Limitation on Brexit: the UK, the EU, and US treaty benefits

23 August 2021

A recent agreement between the UK and US competent authorities seeks to address the impact of Brexit on the UK/US double tax treaty, which has historically relied on referencing the EU when limiting access to its beneficial provisions.

The agreement brings a welcome end to a period of uncertainty on the availability of treaty benefits for certain UK companies, but the bilateral approach fails to solve a broader problem impacting many multi-jurisdictional arrangements.

Accessing treaty benefits

The UK/US treaty, like many other US double tax treaties, contains a “limitation on benefits” (LOB) article. This restricts the availability of benefits, such as reduced dividend withholding tax rates, provided for by the treaty. LOB provisions are intended to prevent so-called “treaty shopping” arrangements, where artificial structures are used to gain access to favourable tax treaties that would not otherwise be available.
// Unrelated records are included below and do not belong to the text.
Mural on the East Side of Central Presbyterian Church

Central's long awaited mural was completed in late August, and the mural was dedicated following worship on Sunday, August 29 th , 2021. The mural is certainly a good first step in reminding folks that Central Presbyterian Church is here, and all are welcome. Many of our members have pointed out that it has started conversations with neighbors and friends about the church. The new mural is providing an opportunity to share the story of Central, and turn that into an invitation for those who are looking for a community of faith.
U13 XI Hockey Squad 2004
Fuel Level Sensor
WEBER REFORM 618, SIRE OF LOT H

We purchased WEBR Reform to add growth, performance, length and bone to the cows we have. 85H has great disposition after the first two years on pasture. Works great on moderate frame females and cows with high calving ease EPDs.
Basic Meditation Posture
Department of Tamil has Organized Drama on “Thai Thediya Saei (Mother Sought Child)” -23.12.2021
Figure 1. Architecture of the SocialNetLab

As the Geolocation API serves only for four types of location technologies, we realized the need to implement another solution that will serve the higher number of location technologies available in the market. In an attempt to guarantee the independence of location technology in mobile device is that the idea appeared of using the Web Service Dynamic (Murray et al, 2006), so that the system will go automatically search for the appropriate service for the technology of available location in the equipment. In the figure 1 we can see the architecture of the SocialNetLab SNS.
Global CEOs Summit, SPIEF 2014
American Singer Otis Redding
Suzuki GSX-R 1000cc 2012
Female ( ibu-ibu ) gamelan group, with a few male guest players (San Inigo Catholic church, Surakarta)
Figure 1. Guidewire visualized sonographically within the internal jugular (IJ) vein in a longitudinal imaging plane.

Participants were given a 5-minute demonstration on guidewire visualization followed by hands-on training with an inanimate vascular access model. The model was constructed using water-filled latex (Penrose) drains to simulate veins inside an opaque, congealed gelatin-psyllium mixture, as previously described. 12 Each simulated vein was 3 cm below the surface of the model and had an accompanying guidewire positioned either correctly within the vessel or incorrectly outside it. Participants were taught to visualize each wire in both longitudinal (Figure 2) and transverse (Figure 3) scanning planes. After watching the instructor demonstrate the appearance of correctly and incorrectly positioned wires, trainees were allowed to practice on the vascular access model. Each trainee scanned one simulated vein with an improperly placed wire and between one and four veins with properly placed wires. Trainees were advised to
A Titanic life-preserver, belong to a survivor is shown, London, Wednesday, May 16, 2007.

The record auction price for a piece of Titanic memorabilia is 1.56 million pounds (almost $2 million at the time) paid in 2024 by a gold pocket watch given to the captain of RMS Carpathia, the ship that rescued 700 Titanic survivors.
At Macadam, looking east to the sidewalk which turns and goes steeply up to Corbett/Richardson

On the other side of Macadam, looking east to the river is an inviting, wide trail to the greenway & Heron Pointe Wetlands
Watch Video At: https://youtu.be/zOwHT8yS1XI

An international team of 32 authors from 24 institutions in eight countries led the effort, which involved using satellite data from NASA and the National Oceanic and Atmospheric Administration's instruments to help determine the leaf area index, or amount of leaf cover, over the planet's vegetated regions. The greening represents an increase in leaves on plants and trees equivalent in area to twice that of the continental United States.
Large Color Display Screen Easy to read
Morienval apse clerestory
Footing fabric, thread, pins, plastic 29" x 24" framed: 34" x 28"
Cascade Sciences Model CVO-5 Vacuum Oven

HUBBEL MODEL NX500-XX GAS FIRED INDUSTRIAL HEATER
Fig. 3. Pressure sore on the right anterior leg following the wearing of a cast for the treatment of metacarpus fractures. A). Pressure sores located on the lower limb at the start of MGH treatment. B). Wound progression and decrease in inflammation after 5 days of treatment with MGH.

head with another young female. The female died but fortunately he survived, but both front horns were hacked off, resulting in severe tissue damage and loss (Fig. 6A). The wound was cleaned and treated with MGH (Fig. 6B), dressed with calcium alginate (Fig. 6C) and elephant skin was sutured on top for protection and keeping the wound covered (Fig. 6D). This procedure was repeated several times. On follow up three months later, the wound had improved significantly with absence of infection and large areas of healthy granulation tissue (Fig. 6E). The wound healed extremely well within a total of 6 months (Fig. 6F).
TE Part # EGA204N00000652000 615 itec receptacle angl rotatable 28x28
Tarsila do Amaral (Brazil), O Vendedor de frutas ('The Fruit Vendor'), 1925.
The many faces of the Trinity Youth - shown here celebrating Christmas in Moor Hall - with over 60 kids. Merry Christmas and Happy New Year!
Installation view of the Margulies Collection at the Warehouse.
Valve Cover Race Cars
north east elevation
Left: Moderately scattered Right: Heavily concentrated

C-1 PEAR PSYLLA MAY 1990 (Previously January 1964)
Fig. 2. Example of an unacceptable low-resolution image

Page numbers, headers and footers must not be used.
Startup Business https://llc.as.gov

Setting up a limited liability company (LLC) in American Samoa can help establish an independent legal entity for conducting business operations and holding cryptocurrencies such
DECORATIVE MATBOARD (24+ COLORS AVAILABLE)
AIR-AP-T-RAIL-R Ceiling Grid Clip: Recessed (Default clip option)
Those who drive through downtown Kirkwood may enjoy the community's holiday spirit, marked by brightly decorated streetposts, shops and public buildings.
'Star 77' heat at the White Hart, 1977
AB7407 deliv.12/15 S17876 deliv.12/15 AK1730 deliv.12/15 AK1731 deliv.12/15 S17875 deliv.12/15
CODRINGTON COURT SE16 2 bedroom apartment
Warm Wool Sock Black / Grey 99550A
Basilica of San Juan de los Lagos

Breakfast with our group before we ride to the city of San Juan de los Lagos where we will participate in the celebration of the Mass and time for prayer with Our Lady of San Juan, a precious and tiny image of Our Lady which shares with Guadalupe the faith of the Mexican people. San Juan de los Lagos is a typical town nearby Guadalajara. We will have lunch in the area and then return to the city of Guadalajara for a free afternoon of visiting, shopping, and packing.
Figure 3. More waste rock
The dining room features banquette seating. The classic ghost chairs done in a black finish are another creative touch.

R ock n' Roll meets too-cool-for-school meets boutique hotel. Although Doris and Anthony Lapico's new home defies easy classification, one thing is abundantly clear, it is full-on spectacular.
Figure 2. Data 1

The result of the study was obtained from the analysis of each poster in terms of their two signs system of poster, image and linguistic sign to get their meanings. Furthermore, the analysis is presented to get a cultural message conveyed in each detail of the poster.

The LOB article in the UK/US treaty restricts benefits in the first instance to a list of “qualified persons”, which includes individuals and listed companies. There are then provisions permitting other persons to claim treaty benefits, for example the “derivative benefits” test. This aims to grant benefits to companies whose ultimate shareholders would be entitled to the same benefits if the payment in question were made to them directly. Broadly, a company qualifies if it is 95% owned (directly or indirectly) by seven or fewer “equivalent beneficiaries”, provided its profits are not artificially eroded through deductible payments to non-equivalent beneficiary persons.

The Brexit issue

Equivalent beneficiaries for these purposes are residents of member states of the EU (and in some cases the EEA) or of parties to the North American Free Trade Agreement (NAFTA), provided roughly the same benefits would be available under the applicable treaty if the relevant payment were made to such residents (i.e. the ultimate shareholders) rather than to the company in question.

The impact of Brexit thus becomes apparent – now the UK has left the EU, UK resident companies do not appear to fall within the definition of equivalent beneficiary. In a situation where, for example, a UK company is 90% owned by a German resident and 10% owned by a UK resident, the 95% test would no longer be satisfied.

Problem solved?

This issue is addressed by the new UK/US competent authority agreement, which states that references to the EU in this context should be interpreted as including the UK. So far, so good – but this only deals with part of the problem.

A more common circumstance in which the derivative benefits test is relied upon is in the context of non-UK treaties with the US. Multinational groups often contain UK intermediary and/or ultimate parent companies, with payment flows in various forms elsewhere in the structure between the US and (current) EU countries. A simple example of this might be a Luxembourg company that has a UK parent and provides debt funding to a US sister company, in respect of which it receives payments of interest.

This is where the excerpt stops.